Четвертая часть книги направлена на раскрытие методов работы над развитием и коррекцией зрительно-пространственных и квазипространственных функций. Здесь приводится как методический материал, так и описание апробации одной из методик. Завершают данную часть фрагмент пособия по вводному курсу математики «Состав числа» и глава о диагностике и коррекции зрительно-пространственных трудностей письма.

В пятой части представлены три случая коррекции выраженных задержек в развитии ВПФ. У каждого ребенка были разнообразные множественные трудности, но их нейропсихологические профили были различны: у одного ребенка наиболее отчетливо отставали функции III блока (по А. Р. Лурия), у второго – II и у третьего – I. Эти примеры и завершают нашу книгу.

Готовя текст этого издания, мы предполагали, что его могут читать как последовательно, так и выборочно, в связи с этим мы сознательно шли на некоторые повторы. Часть материала, представленного в книге, уже публиковалась в качестве статей, как правило, в малодоступных изданиях. Этот материал был здесь обновлен. Все остальное ранее не публиковалось.

Авторы выражают искреннюю признательность всем своим коллегам и ученикам, способствовавшим появлению этой книги.

Введение
СОВРЕМЕННЫЕ ИССЛЕДОВАНИЯ ПСИХИЧЕСКОГО РАЗВИТИЯ РЕБЕНКА И КОРРЕКЦИОННОЕ ОБУЧЕНИЕ (ОБЗОР ЗАРУБЕЖНЫХ РАБОТ)

Наша книга посвящена нейропсихологической коррекции трудностей учения и шире – коррекционно-развивающему и здоровьес-берегающему обучению, построенному на нейропсихологической методологии. В этой части мы представляем междисциплинарный контекст данной работы.

Школьной нейропсихологии (термин, введенный в 1981 г. известным американским ученым, специалистом по проблемам развития и обучения Джорджем Хиндом) посвящаются сейчас многочисленные статьи, специализированные журналы, книги и учебники. В их числе отметим и две хрестоматии объемом 940 и 340 страниц (Handbook of School Neuropsychology, 2006; Handbook of School Neuropsychology: A practitioner's Guide, 2004).

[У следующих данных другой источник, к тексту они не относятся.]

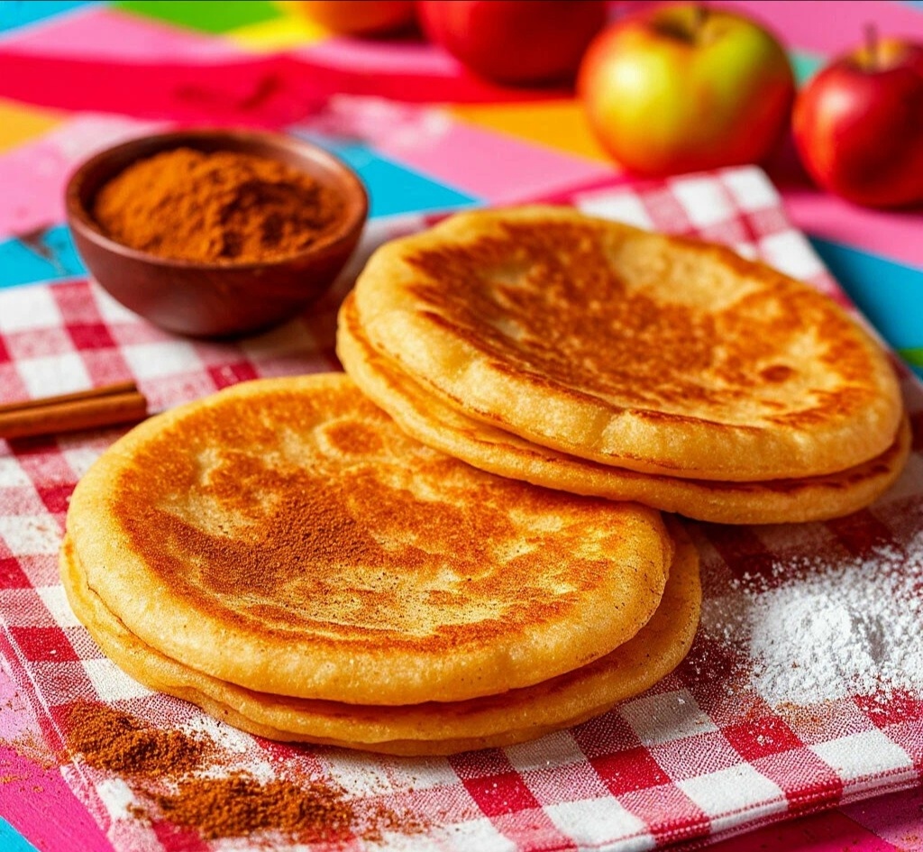 ИНГРЕДИЕНТЫ (на 4 больших лепёшки): 🧾📦 ·Для теста: готовое дрожжевое тесто — 250 г ИЛИ (на кефире): кефир — 200 мл, мука — 250 г, разрыхлитель — 1 ч.л., соль — щепотка. ·Для начинки: яблоко (кисло-сладкое) — 1 крупное 🍎, сахар — 2-3 ст.л., корица молотая — 1 ч.л., ванилин — на кончике ножа. ·Для жарки: масло растительное — 100-150 мл ·Для подачи: сахарная пудра — 2-3 ст.л. ❄️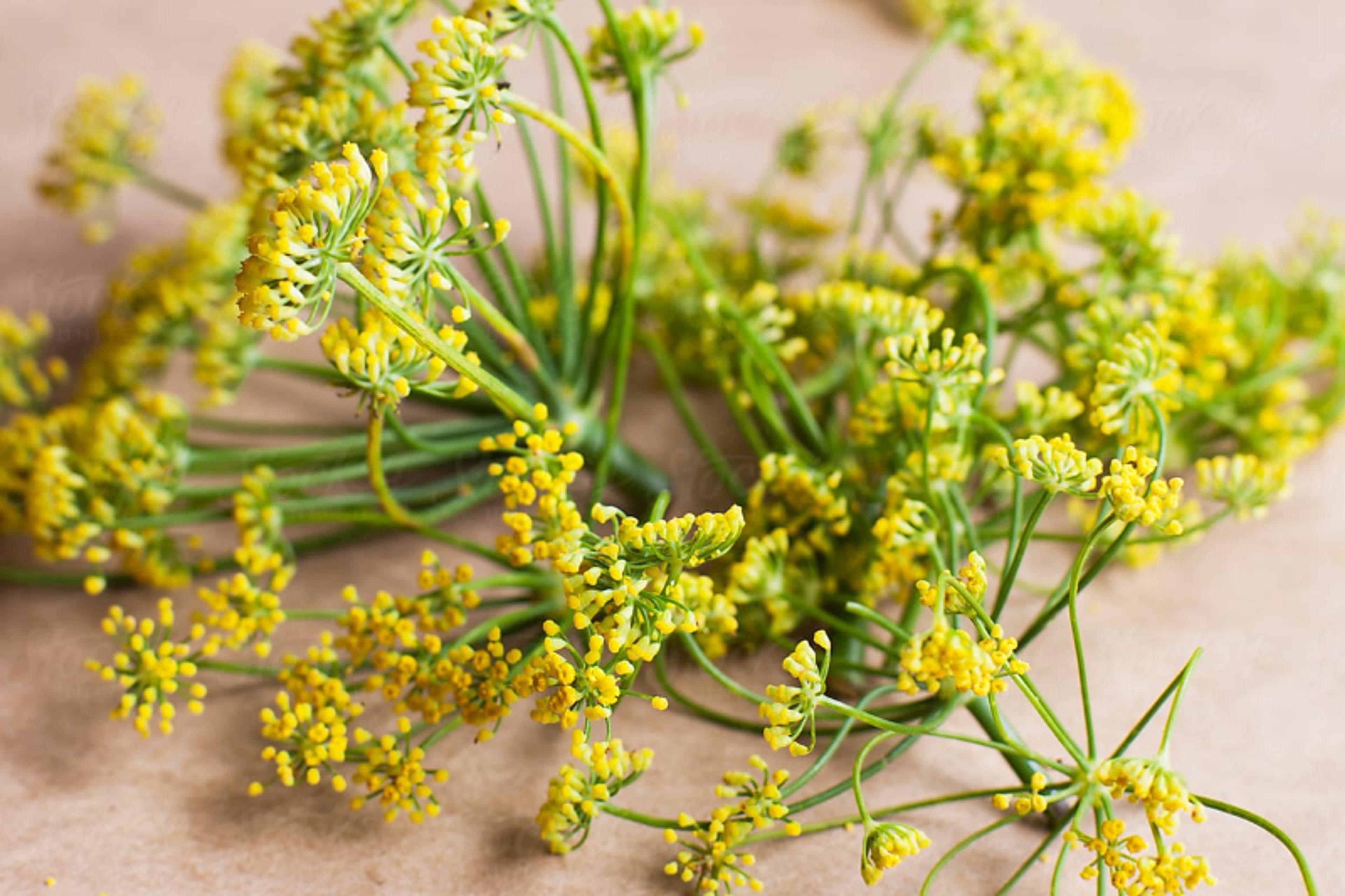 These bright yellow flowers crop up on the end of long fennel fronds, and, like fennel, have a delicious, warm taste of licorice. Perfect for adding that licorice pop to your dishes, or adding that savory flavor of fennel or Italian sausage without bulking up a meal. Sprinkle into a rich tomato sauce, use to flavor ground pork or tofu, or garnish egg dishes.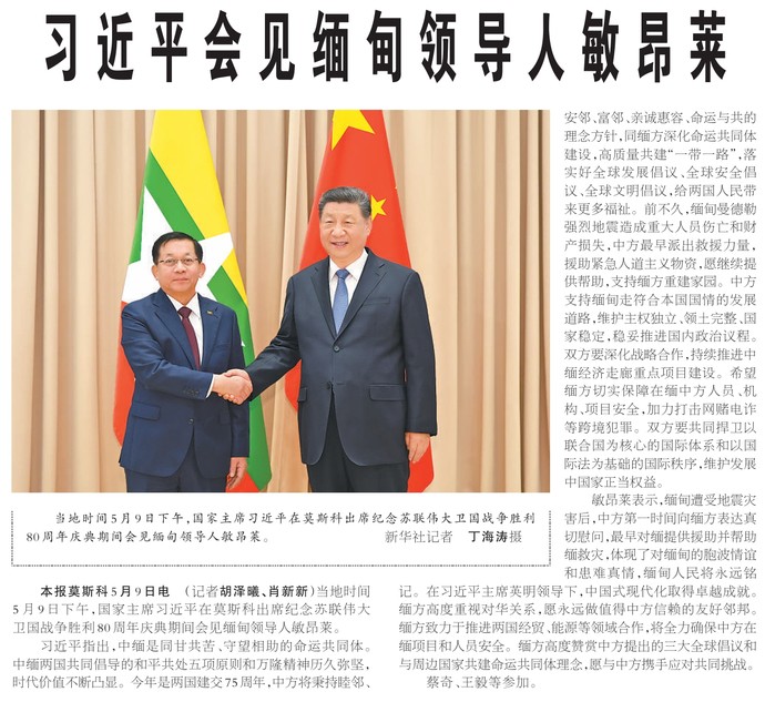当地时间5月9日下午,国家主席习近平在莫斯科出席纪念苏联伟大卫国战争胜利80周年庆典期间会见缅甸领导人敏昂莱。(今日《人民日报》2版)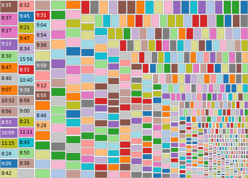 運用數據可視化軟件的“樹(shù)地圖”功能,在連接到數據源后,依次雙擊字段“記錄數”和“時(shí)間”,再單擊“智能顯示”下拉菜單選項中的“樹(shù)地圖”,然后將“時(shí)間”字段拖曳到標記“顏色”框中,即可實(shí)現第三方作業(yè)時(shí)間的可視化(如圖3)。圖中顏色深淺和方塊順序(自上而下,自左至右)分別表示同一作業(yè)時(shí)間所包含事件記錄的多少。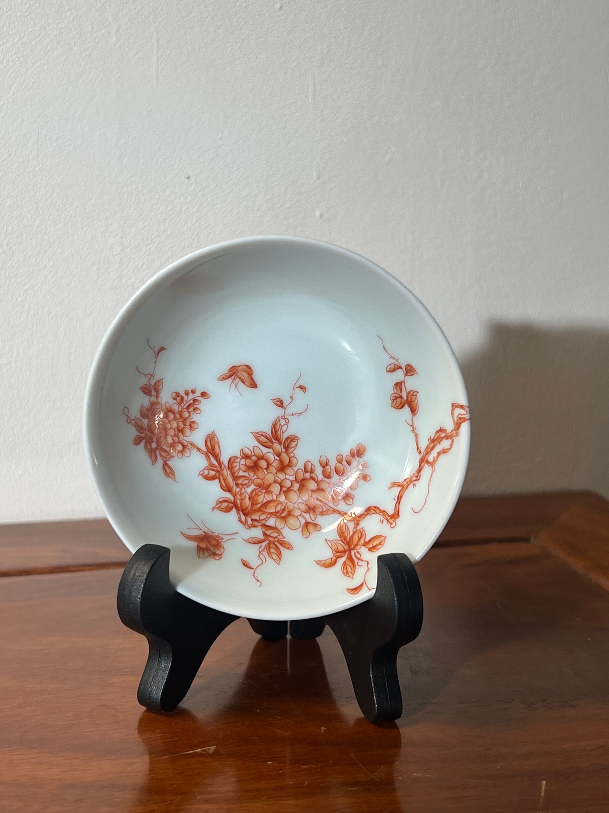 Alum red is a low-temperature On-glaze pigment for Chinese ceramics. It is a low-temperature red glazed with a suspension of ferric oxide. It is also called "iron red", "red color". Its color often has an orange-red color, which is gorgeous and bright. Alum red porcelain is the earliest overglaze color decorative art in Chinese porcelain making history, which appeared in the Song Dynasty.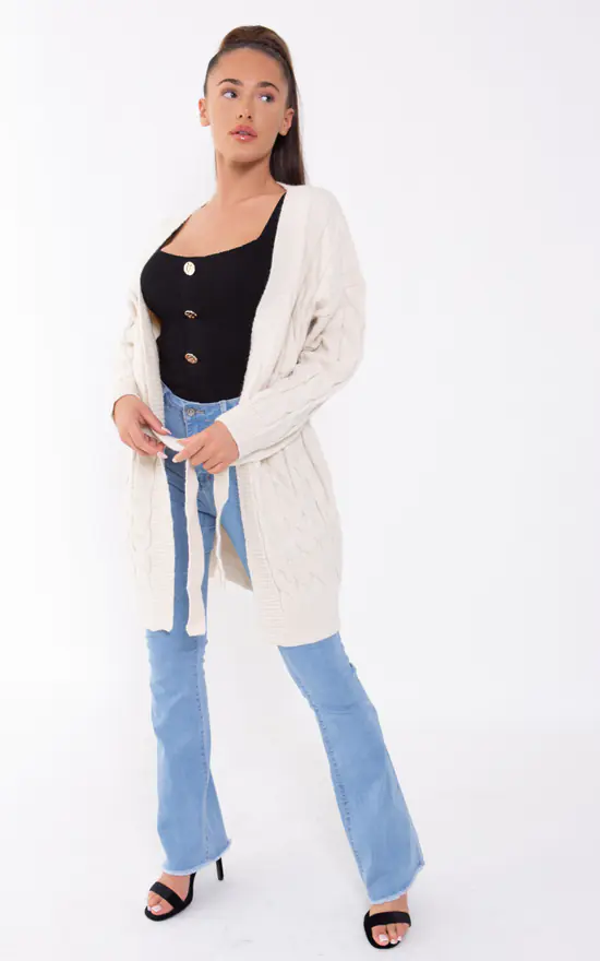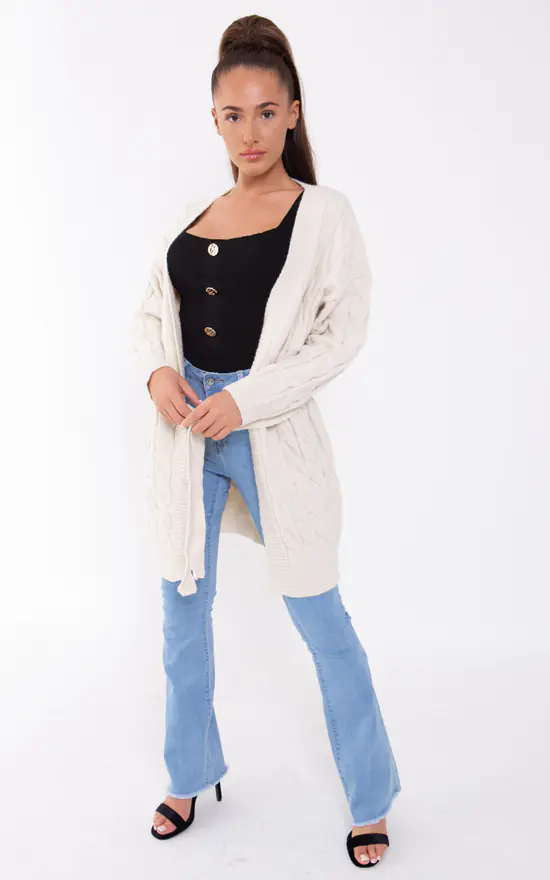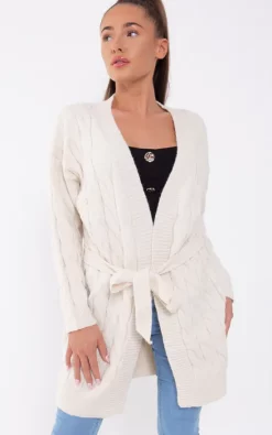 Our Beige Cable Knit Belted Cardigan is part of our latest Knitwear & Cardigans collection. A thick cable knit material with a tie waist belt, long sleeves and ribbed detailing.

Ширится подготовка квалифицированных школьных нейропсихологов. Так, в США школьные психологи после присвоения им степени магистра в течение двух лет получают специализацию по нейропсихологии. Задача школьных нейропсихологов – «не постановка диагноза мозгового поражения, а внесение нейропсихологической перспективы в школьную практику». Готовясь к этому, они участвуют в 4–6 практикумах в условиях школы и клиники. Если в 1981 г. в США были открыты всего 2 программы специализации по школьной нейропсихологии на Ph-D-уровне, то сейчас там существует уже более 40 таких программ (Hynd, Reynolds, 2006). Это отражает возросший запрос общества к подготовке специалистов, совмещающих знание школы как системы с владением нейробиологически и нейропсихологически обоснованными методами помощи детям. Подчеркнем тщательность подготовки школьных нейропсихологов, в частности, отражающуюся в профессионализме их сайтов, что существенно отличает последние от сайтов по нейропедагогике, для которых зачастую характерны вульгаризация нейропсихологических и нейробиологических знаний, скороспелые рецепты по обучению и самообучению, не прошедшие надлежащей экспериментальной проверки.

В России 15 лет тому назад нейропсихологов готовили только в Московском и Ленинградском государственных университетах.

Сейчас кафедры клинической (медицинской) психологии открыты во многих университетах, педагогических и медицинских вузах. Насколько нам известно, в Москве большинство нейропсихологов, работающих с детьми, проходили подготовку, включенную в процесс выполнения курсовых, дипломных и диссертационных исследований, проводимых на базе детских учреждений под руководством клинически опытных специалистов. В большинстве областных городов в штат сотрудников психолого-медико-педагогических центров входят сейчас нейропсихологи, но уровень их подготовки разный.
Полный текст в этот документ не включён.